Lombok Utara, Katada.id – Kepala Bappeda Lombok Utara Heryanto angkat bicara terkait Dana Alokasi Umum (DAU) sebesar 35 persen yang ditunda oleh pusat. Menurutnya penundaan ini bukan sepenuhnya kesalahan Pemkab.

Ia menegaskan penundaan pencairan DAU itu dikarenakan aturan yang dibuat pemerintah pusat. “Tertundanya DAU bukan salah daerah, tapi aturan yang diberikan oleh pemerintah pusat amburadul karena selalu berubah, juga waktu yang diberikan begitu mepet,” bebernya, Selasa (12/5).

Ia menjelaskan,sebenarnya Pemkab sudah menyampikan laporan dukungan anggaran untuk penanganan Covid-19 sebesar Rp 65 miliar pada 17 April lalu. Laporan tersebut disampaikan sesuai dengan arahan pada Permendagri Nomor 20 dan PMK Nomor 19. Di dalam aturan itu mengatakan pelaporan maksimal 7 hari setelah keluarnya aturan tersebut. “Malahan kita menyelesaikan itu hanya 5 hari saat itu,” akunya.
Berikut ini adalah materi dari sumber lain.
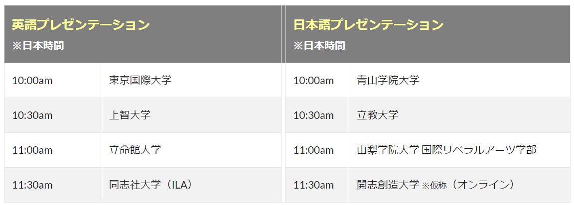 アメリカで日本語情報誌を発行するライトハウス(本社 ロサンゼルス/会長 込山洋一)は、2024年5月22日、23日、24日に「日本の大学 進学フェア 2024春」をオンラインで開催します。国際化を推進する14の大学が参加し、英語での入試制度や、英語によるコース、海外生のための奨学金制度など、各大学の特色や取り組みを日本語と英語の両方で紹介、ライブ配信します。同フェアでは大学の最新情報をお届けするほか、より深く大学を知るための個別相談の申し込みも受け付けます。より国際性・多様性の高い環境で学びたい学生、インターナショナルスクールに通っている学生など、日本在住者の出願も歓迎しています。
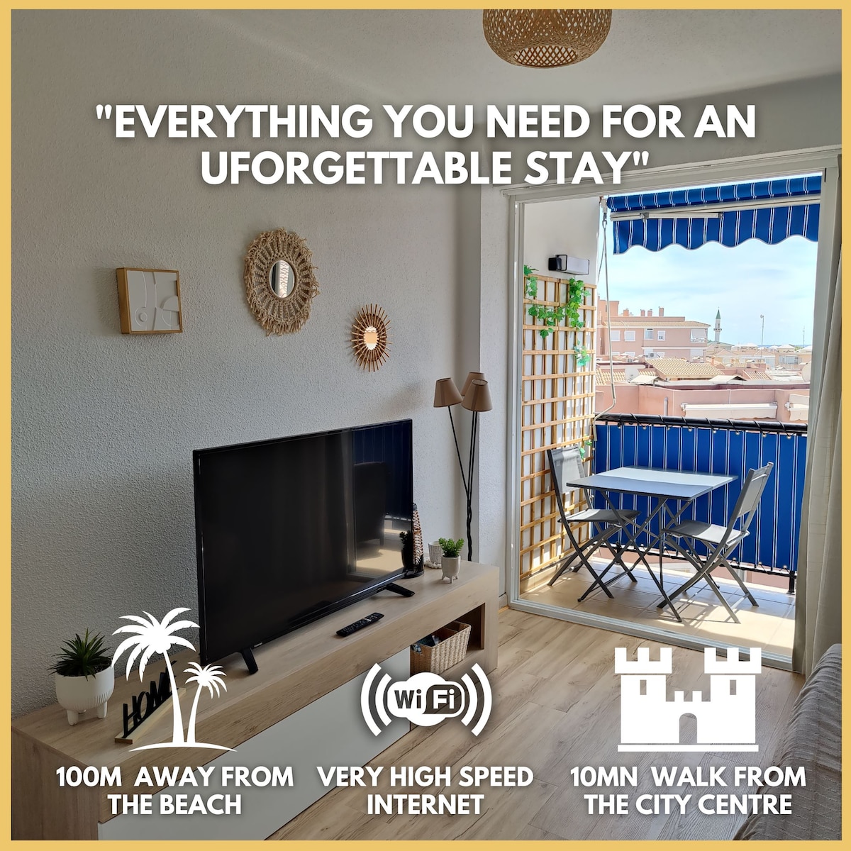 1 min andando de la playa. 100% reformado integral. Aire Acondicionado. Gran Terraza con vistas al mar, ascensor, todos los electrodomésticos nuevos, todos los muebles nuevos. wifi fibra 480MB, TV Samsung 55" (Smart TV, Netflix, Youtube, etc.), limpieza profesional, salón con sofá cama (muy cómodo) 1,35, cocina americana con isla, habitación de matrimonio cama 1,50 con salida a la terraza. Baño con plato de ducha, lavadora, cafetera, tostador, microondas... Todos los servicios a menos de 5 min
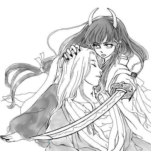 鬼女に拾われた男子という構図で。
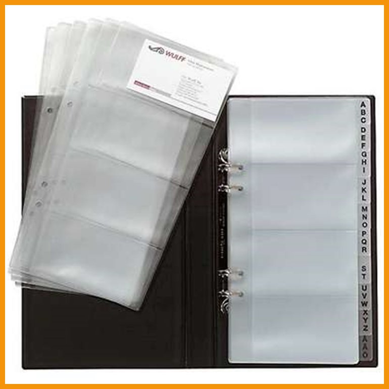 Käyntikorttikansiossa on 20 taskua yhteensä 160 kortille. Korttitaskut on aakkostettu järjestelmällisen arkistoinnin helpottamiseksi. Kovat kannet ovat nahkajäljiteltyä martioitua muovia. Lisätaskuja on saatavanana tuotenumerolla 200422.Väri: musta.
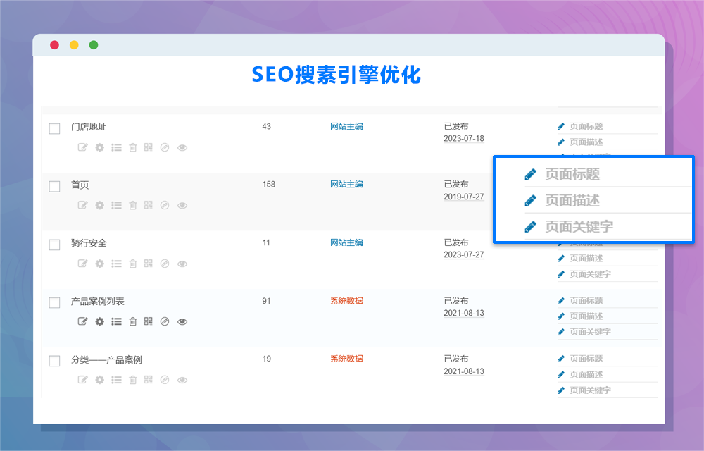 SEO对于网站来说非常重要,它可以提高网站的排名、流量、转化率和用户体验,同时降低营销成本,让互联网用户更容易找到他们需要的内容。如果您想让您的网站在搜索引擎中获得更好的排名和更多的流量,那么 SEO 是一个必须考虑的因素。易极赞建站系统的页面和文章均支持 搜索引擎TDK的设置,即标题,描述,关键字。调优的页面在搜索引擎被搜索引擎收录后,可以根据搜索的关键词或句子向用户展示,提升曝光率,从而增加站点流量,获取更多的访问用户。

Ternyata pada 9 April setelah Perbup diselesaikan dan muncul lagi SKB (Surat Keputusan Bersama) dua menteri. Yakni SKB Mendagri 119 dan SKB Kemenkeu 177, yang didalamnya meminta pemotongan 50 persen belanja modal dan 50 persen belanja barang dan jasa. “Ini kan kerja rodi namanya. Baru kita sampaikan refocusing tahap I, lagi keluar regulasi baru dan diminta sesuaikan lagi,” terangnya.

Kata dia, sebenarnya anggaran penanganan Covid-19 di daerah sudah siap. Bahkan nilainya merupakan yang tertinggi di NTB. Namun setelah munculnya SKB dua Mentri 9 April, diikuti lagi PMK Nomor 35 pada 16 April lalu yang menginsyaratkan lagi beberapa item yang harus dipotong. “Jadi habis-habisan dana daerah ini dipotong pusat,” bebernya.

Hery menegaskan, menyesuaikan kembali regulasi itu tidaklah gampang. Kesulitan ini sudah disampaikannya kepada BPKP. Terutama kaitanya anggaran belanja barang dan jasa sudah dieksekusi di setiap OPD.

“Inilah tidak bijaknya peraturan yang dikeluarkan oleh pemerintah pusat. Itu tidak bijak karena mengikat dengan presentase,” keluhnya.

Akibat kebijakan SKB 9 April dan PMK Nomor 35 tersebut, ada 373 dari 500 kabupaten/kota di Indonesia tidak mampu melakukan refocusing. Setelah itu muncul lagi SP Nomor 30 dari Kemenkeu yang di dalamnya ada relaksasi menjadi 35 persen jika tidak sanggup 50 persen. “Inikan main-main saja pusat ini,” cetusnya.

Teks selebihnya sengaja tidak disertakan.